◆ DATA SUPPLIED

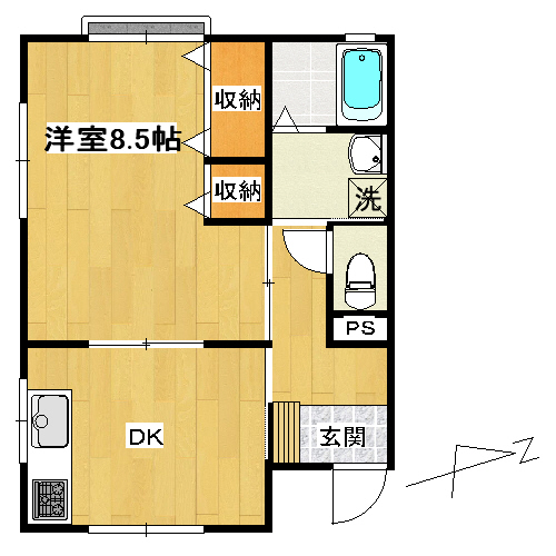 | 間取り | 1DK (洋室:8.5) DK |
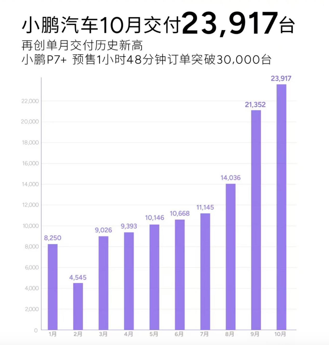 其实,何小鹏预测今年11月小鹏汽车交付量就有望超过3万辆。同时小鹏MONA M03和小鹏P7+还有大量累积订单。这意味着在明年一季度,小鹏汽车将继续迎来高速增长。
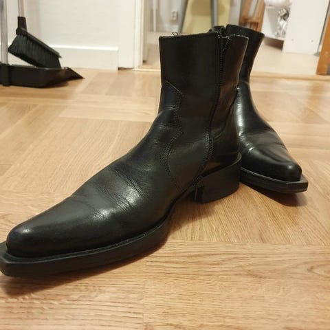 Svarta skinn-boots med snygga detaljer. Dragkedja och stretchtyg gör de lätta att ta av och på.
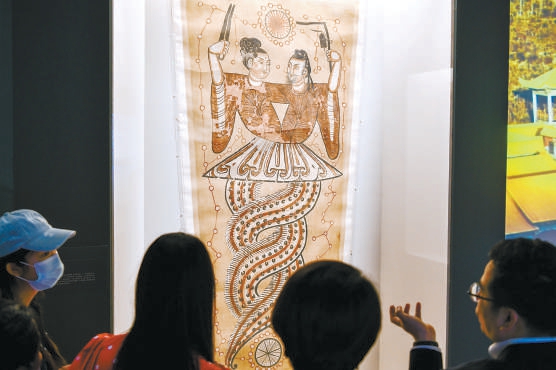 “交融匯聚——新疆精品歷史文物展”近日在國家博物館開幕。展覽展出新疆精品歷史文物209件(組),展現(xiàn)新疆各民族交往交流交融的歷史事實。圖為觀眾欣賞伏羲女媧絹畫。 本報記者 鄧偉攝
==
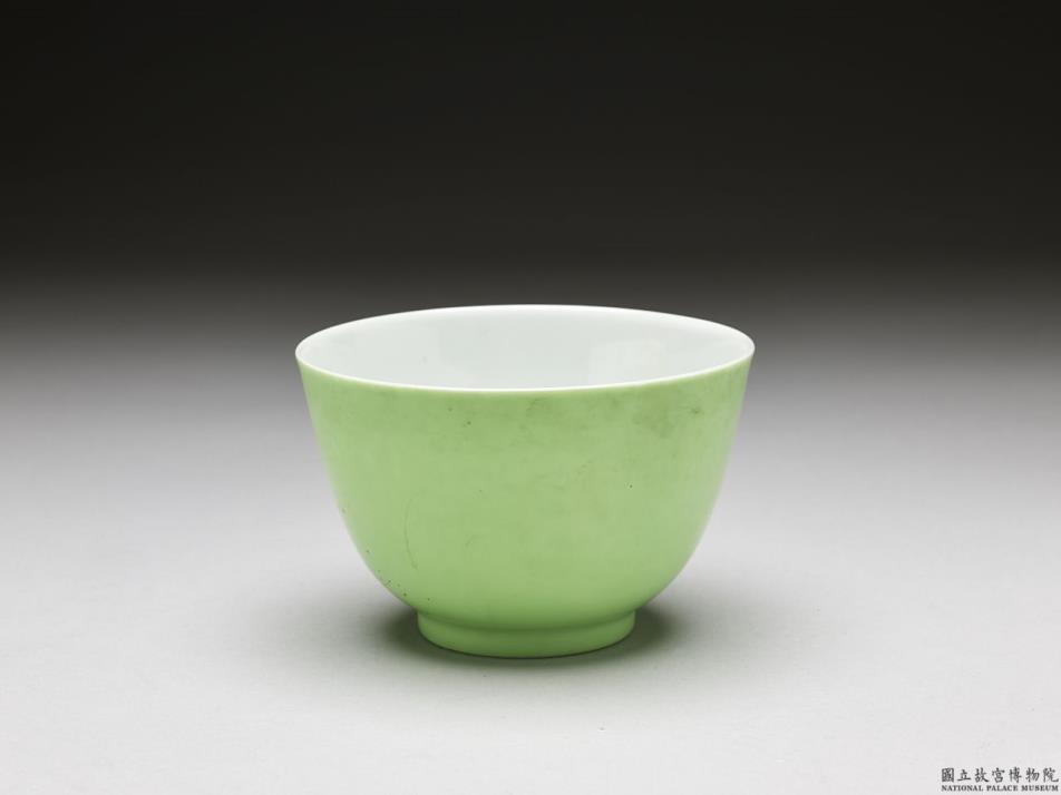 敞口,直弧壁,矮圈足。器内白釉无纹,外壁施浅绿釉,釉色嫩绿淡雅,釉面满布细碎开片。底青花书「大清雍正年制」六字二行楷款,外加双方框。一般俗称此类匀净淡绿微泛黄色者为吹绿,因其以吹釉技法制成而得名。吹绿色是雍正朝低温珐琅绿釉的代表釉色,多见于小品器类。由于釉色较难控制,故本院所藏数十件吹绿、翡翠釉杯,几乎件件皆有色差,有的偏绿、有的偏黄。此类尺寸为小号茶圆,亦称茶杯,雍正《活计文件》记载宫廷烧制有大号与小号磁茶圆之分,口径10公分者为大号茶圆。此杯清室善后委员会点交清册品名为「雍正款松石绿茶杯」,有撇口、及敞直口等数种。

◆ ABOUT THIS TASK
What is needed is an exact copy of only the lines above from the one with "(洋室:8.5) DK |" to the one with "Svarta skinn-boots med", both kept, with every picture left out.

◆ EXERCISE OUTPUT
 | 間取り | 1DK (洋室:8.5) DK |
 其实,何小鹏预测今年11月小鹏汽车交付量就有望超过3万辆。同时小鹏MONA M03和小鹏P7+还有大量累积订单。这意味着在明年一季度,小鹏汽车将继续迎来高速增长。
 Svarta skinn-boots med snygga detaljer. Dragkedja och stretchtyg gör de lätta att ta av och på.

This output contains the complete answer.